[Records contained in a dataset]
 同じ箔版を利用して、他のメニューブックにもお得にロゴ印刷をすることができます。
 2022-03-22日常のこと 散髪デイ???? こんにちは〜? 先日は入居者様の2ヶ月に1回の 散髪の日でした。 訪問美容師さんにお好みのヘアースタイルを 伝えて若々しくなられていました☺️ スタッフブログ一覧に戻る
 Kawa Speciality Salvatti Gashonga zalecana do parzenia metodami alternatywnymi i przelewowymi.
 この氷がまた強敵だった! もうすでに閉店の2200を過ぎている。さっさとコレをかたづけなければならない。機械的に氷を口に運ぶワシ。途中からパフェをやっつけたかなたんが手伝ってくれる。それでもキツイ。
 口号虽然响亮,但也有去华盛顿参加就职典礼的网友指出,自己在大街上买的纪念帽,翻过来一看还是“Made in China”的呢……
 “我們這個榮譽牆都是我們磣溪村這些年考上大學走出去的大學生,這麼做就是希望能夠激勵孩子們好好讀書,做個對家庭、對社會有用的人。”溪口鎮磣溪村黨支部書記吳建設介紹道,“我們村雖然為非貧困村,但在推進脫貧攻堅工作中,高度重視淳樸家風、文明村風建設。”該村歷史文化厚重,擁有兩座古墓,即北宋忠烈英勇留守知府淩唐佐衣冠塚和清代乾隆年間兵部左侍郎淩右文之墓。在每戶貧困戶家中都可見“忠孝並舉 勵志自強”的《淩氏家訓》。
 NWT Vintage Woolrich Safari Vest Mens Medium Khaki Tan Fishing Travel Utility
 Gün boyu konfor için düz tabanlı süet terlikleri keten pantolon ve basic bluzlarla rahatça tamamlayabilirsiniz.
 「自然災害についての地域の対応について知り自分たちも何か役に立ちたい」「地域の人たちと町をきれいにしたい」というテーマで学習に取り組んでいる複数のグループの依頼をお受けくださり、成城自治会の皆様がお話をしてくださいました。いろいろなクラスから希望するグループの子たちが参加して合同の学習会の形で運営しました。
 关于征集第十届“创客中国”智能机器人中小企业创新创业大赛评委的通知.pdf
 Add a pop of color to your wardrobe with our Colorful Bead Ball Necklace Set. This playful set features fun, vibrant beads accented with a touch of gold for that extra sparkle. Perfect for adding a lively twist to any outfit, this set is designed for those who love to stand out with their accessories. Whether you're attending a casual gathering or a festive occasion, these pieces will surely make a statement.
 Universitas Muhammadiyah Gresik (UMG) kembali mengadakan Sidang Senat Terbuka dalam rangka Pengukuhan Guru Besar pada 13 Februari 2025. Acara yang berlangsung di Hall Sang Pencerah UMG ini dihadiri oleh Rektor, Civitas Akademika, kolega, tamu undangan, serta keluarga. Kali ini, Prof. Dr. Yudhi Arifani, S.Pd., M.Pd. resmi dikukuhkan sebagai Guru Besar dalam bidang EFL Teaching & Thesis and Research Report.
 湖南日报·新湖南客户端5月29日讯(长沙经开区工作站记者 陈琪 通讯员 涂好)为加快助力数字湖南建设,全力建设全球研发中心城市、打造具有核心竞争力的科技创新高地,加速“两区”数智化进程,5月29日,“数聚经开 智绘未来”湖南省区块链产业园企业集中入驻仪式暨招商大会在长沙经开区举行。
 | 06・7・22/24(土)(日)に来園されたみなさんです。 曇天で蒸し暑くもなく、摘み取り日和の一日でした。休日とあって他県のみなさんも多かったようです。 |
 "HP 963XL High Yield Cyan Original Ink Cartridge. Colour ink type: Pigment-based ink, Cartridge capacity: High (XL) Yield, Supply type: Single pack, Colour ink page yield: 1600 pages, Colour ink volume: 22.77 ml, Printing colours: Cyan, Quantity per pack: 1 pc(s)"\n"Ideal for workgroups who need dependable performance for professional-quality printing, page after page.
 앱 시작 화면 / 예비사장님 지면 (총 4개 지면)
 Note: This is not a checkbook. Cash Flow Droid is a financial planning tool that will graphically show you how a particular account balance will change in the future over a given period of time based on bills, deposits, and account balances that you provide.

Task goal:
Output each line of the data exactly as it stands above.

Final answer:
 同じ箔版を利用して、他のメニューブックにもお得にロゴ印刷をすることができます。
 2022-03-22日常のこと 散髪デイ???? こんにちは〜? 先日は入居者様の2ヶ月に1回の 散髪の日でした。 訪問美容師さんにお好みのヘアースタイルを 伝えて若々しくなられていました☺️ スタッフブログ一覧に戻る
 Kawa Speciality Salvatti Gashonga zalecana do parzenia metodami alternatywnymi i przelewowymi.
 この氷がまた強敵だった! もうすでに閉店の2200を過ぎている。さっさとコレをかたづけなければならない。機械的に氷を口に運ぶワシ。途中からパフェをやっつけたかなたんが手伝ってくれる。それでもキツイ。
 口号虽然响亮,但也有去华盛顿参加就职典礼的网友指出,自己在大街上买的纪念帽,翻过来一看还是“Made in China”的呢……
 “我們這個榮譽牆都是我們磣溪村這些年考上大學走出去的大學生,這麼做就是希望能夠激勵孩子們好好讀書,做個對家庭、對社會有用的人。”溪口鎮磣溪村黨支部書記吳建設介紹道,“我們村雖然為非貧困村,但在推進脫貧攻堅工作中,高度重視淳樸家風、文明村風建設。”該村歷史文化厚重,擁有兩座古墓,即北宋忠烈英勇留守知府淩唐佐衣冠塚和清代乾隆年間兵部左侍郎淩右文之墓。在每戶貧困戶家中都可見“忠孝並舉 勵志自強”的《淩氏家訓》。
 NWT Vintage Woolrich Safari Vest Mens Medium Khaki Tan Fishing Travel Utility
 Gün boyu konfor için düz tabanlı süet terlikleri keten pantolon ve basic bluzlarla rahatça tamamlayabilirsiniz.
 「自然災害についての地域の対応について知り自分たちも何か役に立ちたい」「地域の人たちと町をきれいにしたい」というテーマで学習に取り組んでいる複数のグループの依頼をお受けくださり、成城自治会の皆様がお話をしてくださいました。いろいろなクラスから希望するグループの子たちが参加して合同の学習会の形で運営しました。
 关于征集第十届“创客中国”智能机器人中小企业创新创业大赛评委的通知.pdf
 Add a pop of color to your wardrobe with our Colorful Bead Ball Necklace Set. This playful set features fun, vibrant beads accented with a touch of gold for that extra sparkle. Perfect for adding a lively twist to any outfit, this set is designed for those who love to stand out with their accessories. Whether you're attending a casual gathering or a festive occasion, these pieces will surely make a statement.
 Universitas Muhammadiyah Gresik (UMG) kembali mengadakan Sidang Senat Terbuka dalam rangka Pengukuhan Guru Besar pada 13 Februari 2025. Acara yang berlangsung di Hall Sang Pencerah UMG ini dihadiri oleh Rektor, Civitas Akademika, kolega, tamu undangan, serta keluarga. Kali ini, Prof. Dr. Yudhi Arifani, S.Pd., M.Pd. resmi dikukuhkan sebagai Guru Besar dalam bidang EFL Teaching & Thesis and Research Report.
 湖南日报·新湖南客户端5月29日讯(长沙经开区工作站记者 陈琪 通讯员 涂好)为加快助力数字湖南建设,全力建设全球研发中心城市、打造具有核心竞争力的科技创新高地,加速“两区”数智化进程,5月29日,“数聚经开 智绘未来”湖南省区块链产业园企业集中入驻仪式暨招商大会在长沙经开区举行。
 | 06・7・22/24(土)(日)に来園されたみなさんです。 曇天で蒸し暑くもなく、摘み取り日和の一日でした。休日とあって他県のみなさんも多かったようです。 |
 "HP 963XL High Yield Cyan Original Ink Cartridge. Colour ink type: Pigment-based ink, Cartridge capacity: High (XL) Yield, Supply type: Single pack, Colour ink page yield: 1600 pages, Colour ink volume: 22.77 ml, Printing colours: Cyan, Quantity per pack: 1 pc(s)"\n"Ideal for workgroups who need dependable performance for professional-quality printing, page after page.
 앱 시작 화면 / 예비사장님 지면 (총 4개 지면)
 Note: This is not a checkbook. Cash Flow Droid is a financial planning tool that will graphically show you how a particular account balance will change in the future over a given period of time based on bills, deposits, and account balances that you provide.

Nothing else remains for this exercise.